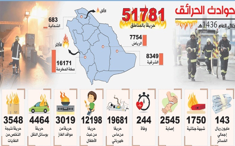 قدرت المديرية العامة للدفاع المدني في المملكة إجمالي الخسائر المالية لحوادث الحرائق خلال العام 1436هـ ما يقارب 143593827 ريالا، ونتج عن الحرائق 2545 إصابة و244 حالة وفاة (2063 ذكرا، 726 أنثى).
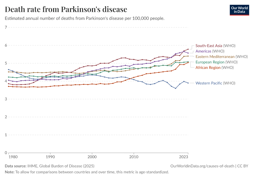 IHME, Global Burden of Disease (2025) – with major processing by Our World in Data. “Death rate from Parkinson's disease” [dataset]. IHME, Global Burden of Disease, “Global Burden of Disease - Deaths” [original data]. Retrieved March 10, 2026 from https://who-regions.owid.pages.dev:8789/20260304-094028/grapher/death-rate-from-parkinsons-disease.html (archived on March 4, 2026).
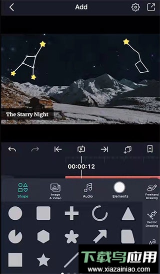 用户可将图像、视频、音频、形状、文本、绘画等图层加入项目中。

> **WHAT NEEDS TO BE DONE**
Please ensure that the data above is repeated exactly, with no pictures in the copy.

> **EXERCISE SOLUTION**
 قدرت المديرية العامة للدفاع المدني في المملكة إجمالي الخسائر المالية لحوادث الحرائق خلال العام 1436هـ ما يقارب 143593827 ريالا، ونتج عن الحرائق 2545 إصابة و244 حالة وفاة (2063 ذكرا، 726 أنثى).
 IHME, Global Burden of Disease (2025) – with major processing by Our World in Data. “Death rate from Parkinson's disease” [dataset]. IHME, Global Burden of Disease, “Global Burden of Disease - Deaths” [original data]. Retrieved March 10, 2026 from https://who-regions.owid.pages.dev:8789/20260304-094028/grapher/death-rate-from-parkinsons-disease.html (archived on March 4, 2026).
 用户可将图像、视频、音频、形状、文本、绘画等图层加入项目中。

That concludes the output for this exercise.